Posted on 2006-11-12
17
25,491 Views
Last Modified: 2013-11-29

Actually we had some problem with our old router and today we replaced our router with Linksys model WAG200G.

Also we use ISA, for VPN clients we have to forward ports and I have forwarded the following ports also from this new router

50
500
51
1723

After this when VPN dial-up connection is trying to establish connection and it is only showing verifying user name and password.

It was working fine with our old router, is there any other things to be checked for VPnS in this router

Your earliest response is highly appreciated

Jinesh
0
Comment
Question by:Jinesh Kumar Kochath
  • 6
  • 4
  • 2
  • +3
17 Comments
 
LVL 30

Expert Comment

by:irwinpks
ID: 17924851
0
 

Expert Comment

by:Rekolitus
ID: 17924886
You need to setup protocol 47/50/51 forwarding; they're not TCP/UDP ports, they're IP protocol numbers.

There should be some sort of IPSec/PPTP passthrough option you need to enable on your router.
0
 

Author Comment

by:Jinesh Kumar Kochath
ID: 17924970
I opened all ports mentioned above
I tried all these options and also IPSEC/PPTP also enablsed in my router
please advise how to solve this issue

regards
Jinesh
0
 

Author Comment

by:Jinesh Kumar Kochath
ID: 17924972
Hi Rekolitus
you mentioned before

You need to setup protocol 47/50/51 forwarding; they're not TCP/UDP ports, they're IP protocol numbers.

I done it as TCP/UDP, other than where I have to forward these ports

0
 

Expert Comment

by:Rekolitus
ID: 17924988
They don't have anything to do with TCP or UDP ports.
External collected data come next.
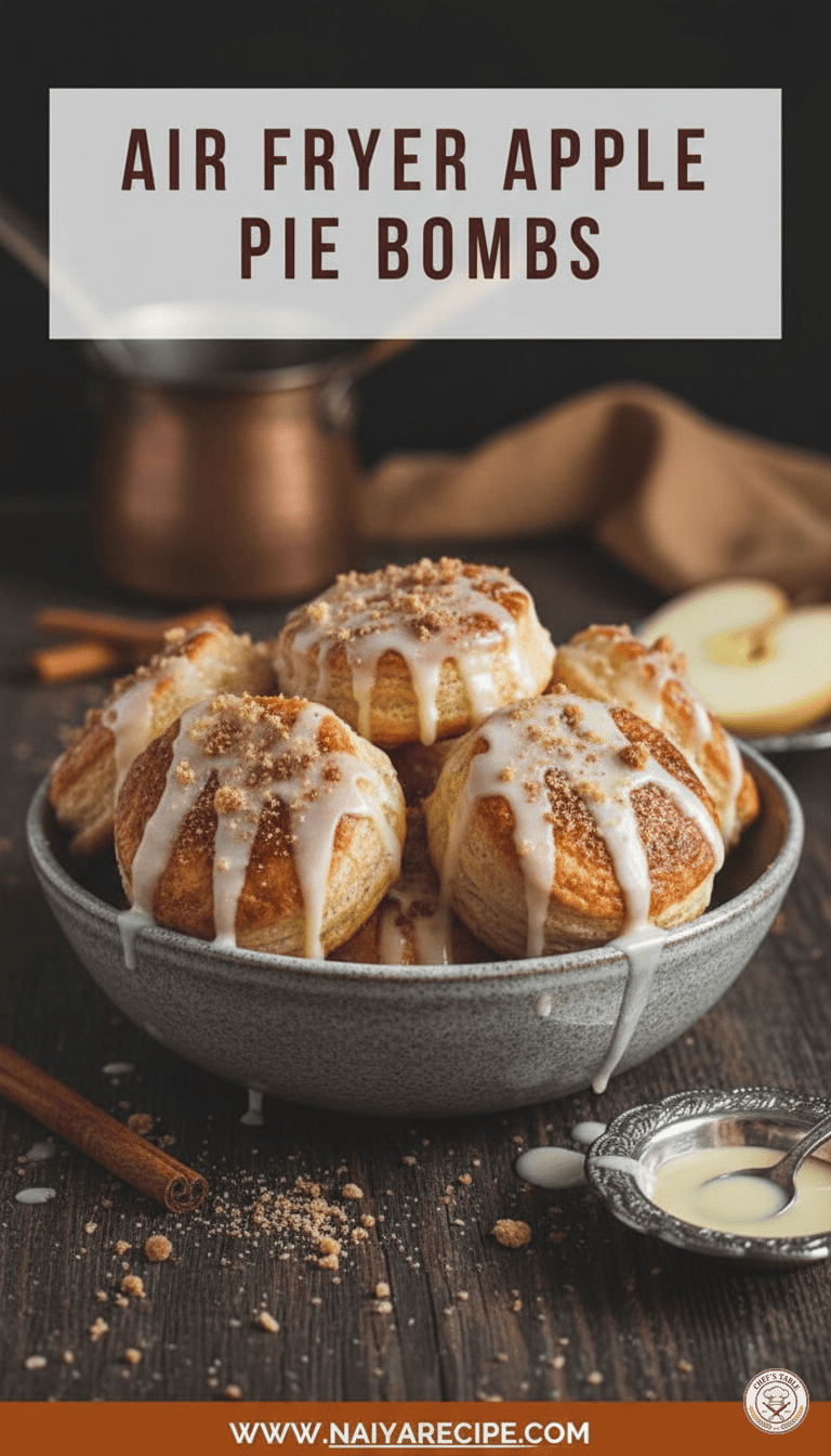 Are you ready to discover a dessert that will revolutionize your snack game? Look no further than these incredible Air Fryer Apple Pie Bombs! Imagine all the comforting, warm, and sweet flavors of a classic apple pie, but in a fun, bite-sized, and incredibly easy-to-make package. These little golden nuggets are crispy on the outside, bursting with tender, spiced apple filling on the inside, and can be drizzled with a delightful glaze that makes them absolutely irresistible. Forget the fuss of a traditional pie crust and the long baking times – these apple pie bombs come together quickly, making them perfect for a last-minute treat, a casual gathering, or simply satisfying your sweet tooth any day of the week.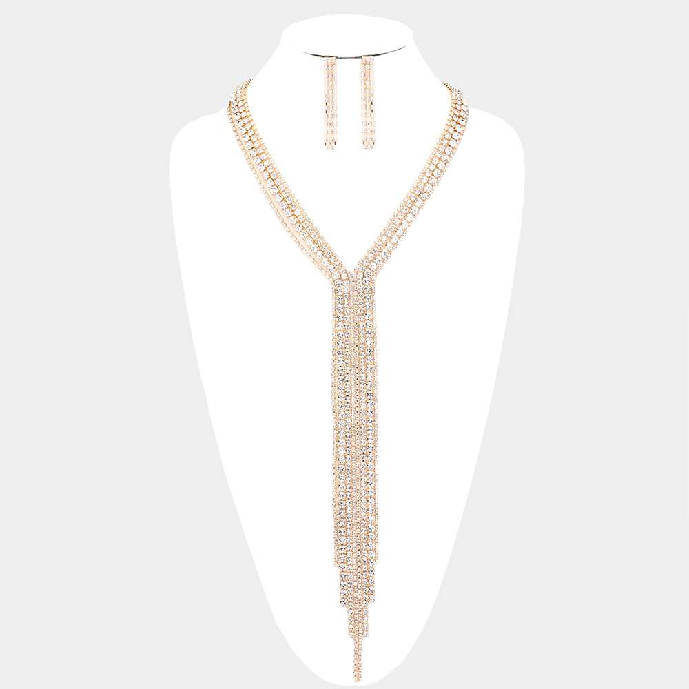 Rhinestone Paved Fringe V Shaped Necklace Jewelry Set
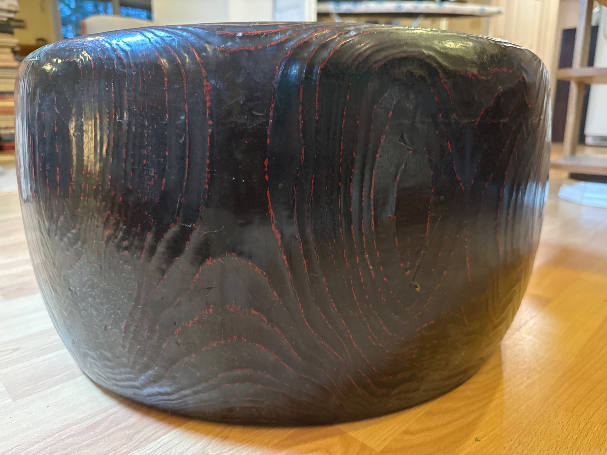 Vintage Japanese sculptured wood hibachi brazier with liner. Deep copper liner in great condition. Metal brazier with sculptured wood look. Black with red undertones. In great condition. What is a Japanese Brazier- The hibachi (Japanese: fire bowl) is a traditional Japanese heating device. It is a brazier which is a round, cylindrical, or box-shaped, open-topped container, made from or lined with a heat proof material and designed to hold burning charcoal. It is believed hibachi date back to the Heian period.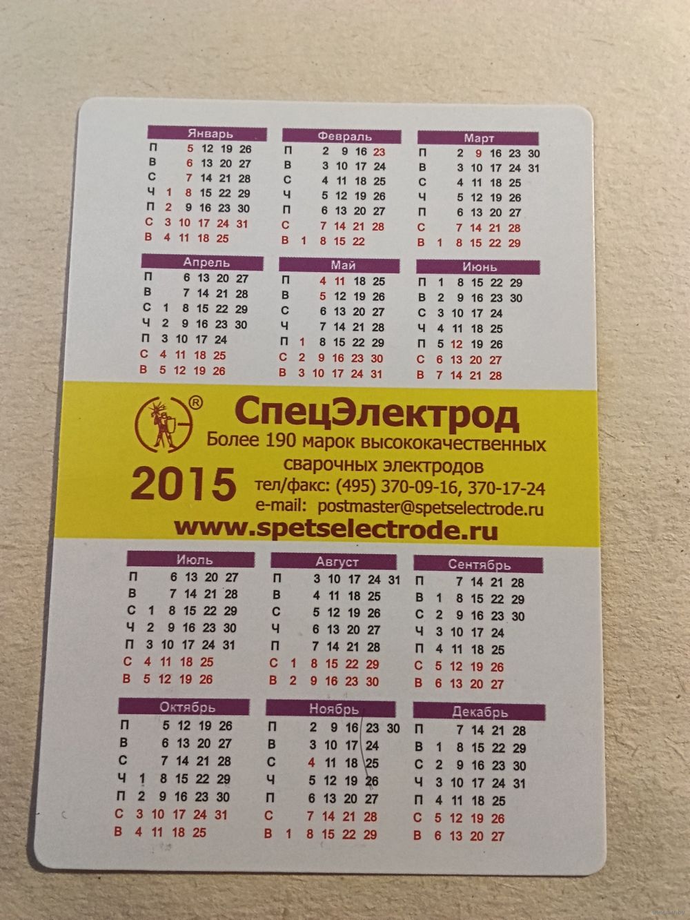 Карманный календарик. СпецЭлектрод. 2015 год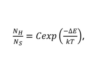 Where Ni is the population in level i, ΔE is the spacing between the levels, k is Boltzmann’s constant and C is a constant depending on degeneracies.
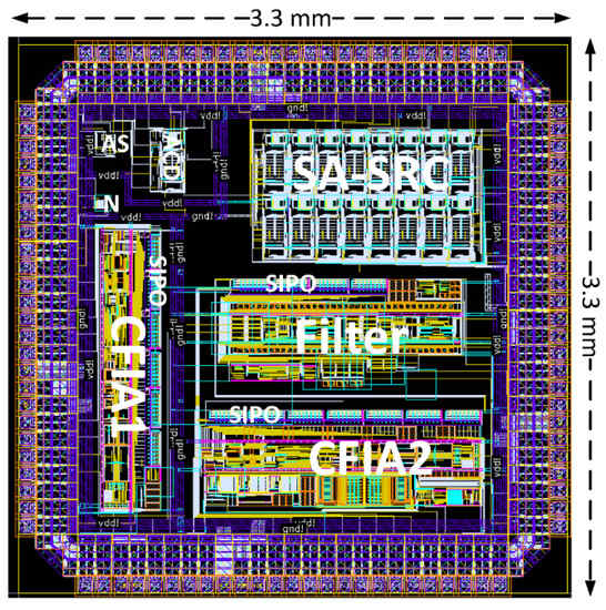The anti-aliasing filter comes in the next stage of the signal conditioning chain after amplification to remove the signal noise from the Nyquist bandwidth prior the ADC converter stage. To support an extensive bandwidth range also required for EIS, we proposed in [161] a fully-differential fourth-order tunable continuous-time active low pass filter based on the Sallen–Key structure with Butterworth approximation. The post-layout simulations proved a frequency range from to with a resolution of , while the filter quality factor is fixed to the well-matched capacitor ratios. This range is achieved by modifying the MOS floating resistor from [162] and by varying the MOS-resistor biasing current from to , as shown from the schematic diagram in Figure 12. However, tuning the filter in this range is quite challenging to perform. A general optimization method can be followed, such as in [105,163] to tune the frequency bandwidth. To reduce the measurement cost of the optimization process, we proposed the indirect measurement principle based on non-intrusive sensors in our chip, as will be discussed next. The core amplifier of the presented filter is the fully-differential DFF used in the design of the CFIA. A modification is worked around to reduce the amplifier output resistance as required by the Sallen–Key topology and also to extend the GBW up to to cope with the required filter frequency. The filter circuit’s physical implementation, including the programmable biasing current unit and the additional sensors, is shown in Figure 13.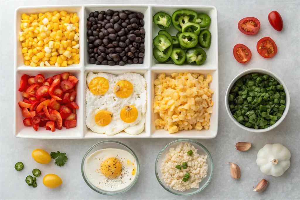 In the same or a separate skillet, sauté onion, bell peppers, and garlic for 3–4 minutes until softened. Add corn and black beans, stir to combine, and season with a pinch of cumin, smoked paprika, or chili powder for Southwest flavor.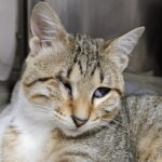 But her eyes disclose what meows never mention.
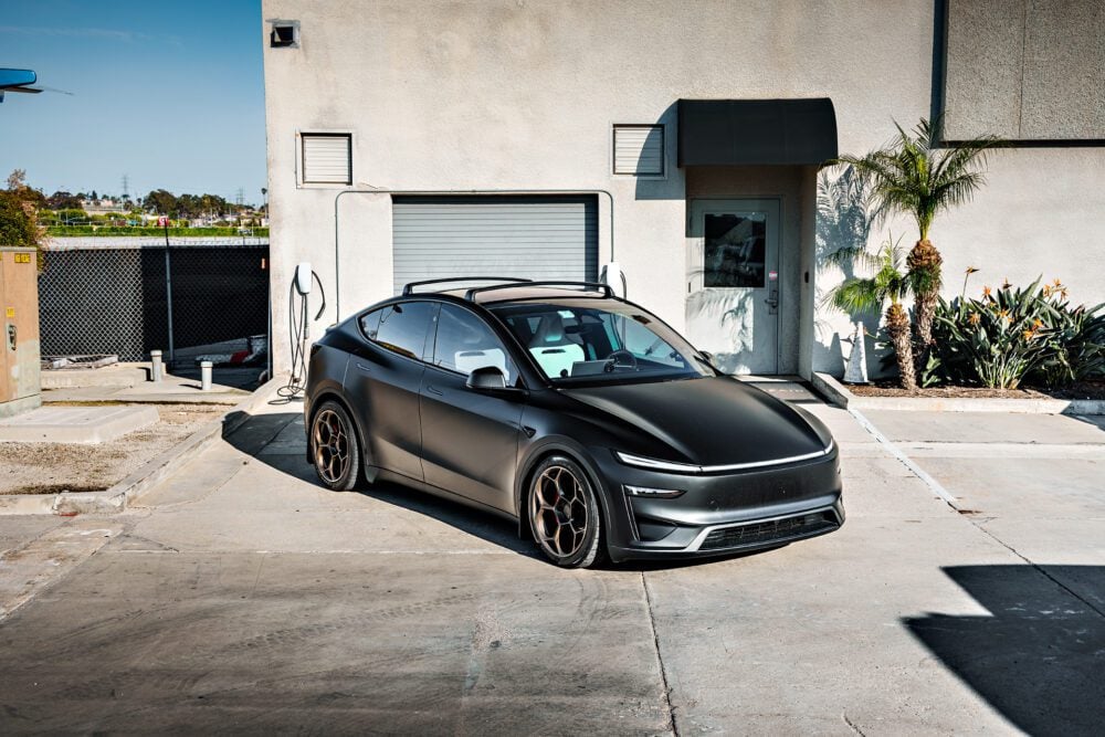Stealth Gray Tesla Model Y Juniper on 21-Inch UP Forged UP-03 Wheels in Satin Black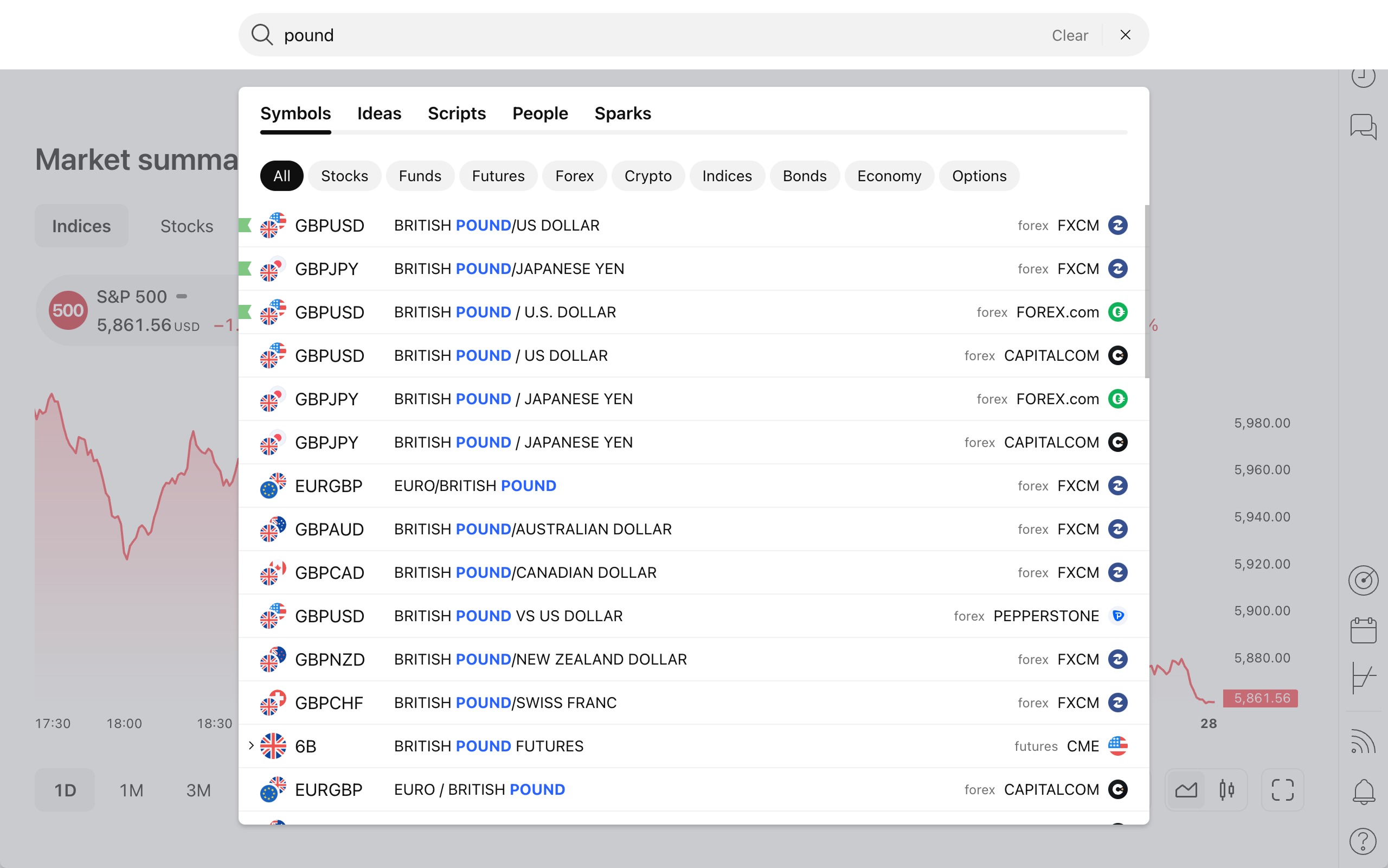 在搜索框中,输入确切的商品代码或与您要查找的代码相关的术语。例如,英镑的代码是 GBP,但您只需输入“pound”,所有与英镑相关的商品就会出现。

They're IP protocol numbers which you need to forward. You need to configure your router to forward IP protocols 47/50/51 to your LAN machine.
0
 

Author Comment

by:Jinesh Kumar Kochath
ID: 17924993
done it and still not working dear
0
 
LVL 77

Expert Comment

by:Rob Williams
ID: 17925060
How is your VPN create. I assume since you are forwarding ports you are using the built-in Windows firewall, if so it uses PPTP.
 (note below, that if not using PPTP your VPN protocol may not be supported)
Also, is this your sole connection device, i.e. modem and router. If so fine. But if you have an additional routing device, port forwarding will need to be enabled as well.
Updating to the latest firmware is also a good idea if having problems.
To reiterate what Rekolitus stated:

PPTP (most likely option) requires:
  Forward only TCP 1723
  Enable GRE, protocol 47 (not port 47) by enabling PPTP pass-through on the Security 'tab' page of the WAG200G
 
L2TP over IPSec requires:
  To allow IKE forward UDP port 500.
  To allow IPSec NAT-T forward port UDP 4500.
  To allow L2TP forward port UDP 1701.
  If using ESP (Encapsulation Security Payload) protocols 50 enable IPSec pass-through on the Security 'tab' page of the WAG200G
  If using AH (Authentication Header Protocol) protocol 51 you need another router, yours does not support this protocol

IPSec requires:
   To allow IKE forward UDP port 500.
   To allow IPSec NAT-T forward port UDP 4500.
   If using ESP (Encapsulation Security Payload) protocols 50 enable IPSec pass-through on the Security 'tab' page of the WAG200G
   If using AH (Authentication Header Protocol) protocol 51 you need another router, yours does not support this protocol

Once done verify the port forwarding is working by logging onto the VPN server and going to   http://www.canyouseeme.org and test for the appropriate port to see that it is forwarded correctly. This will not allow you to test protocols.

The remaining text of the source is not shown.